朝山駅跡から先の廃線跡は生活道路になっているが、やがて前方の切り立った岩山に、短いトンネルが口を開けているのが見えてくる(D地点)。残念ながらトンネル内は立入禁止の札が架かっているが、中を覗くとなんと素堀りのゴツゴツとしたトンネルであり、建設当時の息吹を今に伝えるかのようである。
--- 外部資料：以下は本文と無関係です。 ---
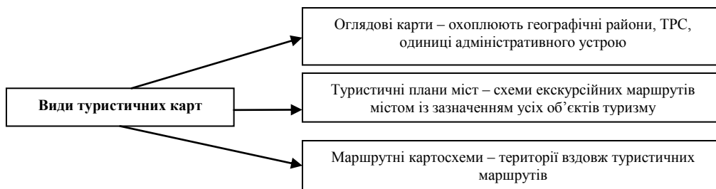
Рис. 1. Класифікація туристичних карт

Існують різноманітні класифікації туристичних карт. Але загалом всі вони зводяться до класифікації, відображеної на рис. 1.

そしてこのトンネルの出雲須佐側の出口に迂回すると、ここからわずかの間ながら、右カーブした築堤がそのまま残っている。実は、この鉄道の廃止の引き金になった集中豪雨による路盤損壊を受けたのは、ここのトンネル出口付近であるという(E地点)。今では、僅かに築堤がへこんでいるかなぁ・・という程度で、長い年月の間に地盤が均されてしまったのかと思うが、実際、当時の被害もそれほど甚大なものではなかったらしく、少し意地悪な言い方をすれば、被害を受けたことを廃止の口実にした面もあったようだ。
廃線跡は、この先の交差点で再び国道184号線の下敷きになり、小さな峠にさしかかる。鉄道はここを全長246メートルのトンネルによって抜けていたのだが、残念ながら廃線敷が道路化されたときに埋められて、いったん切通しとなったあと、今では別トンネルとなっている(F地点)。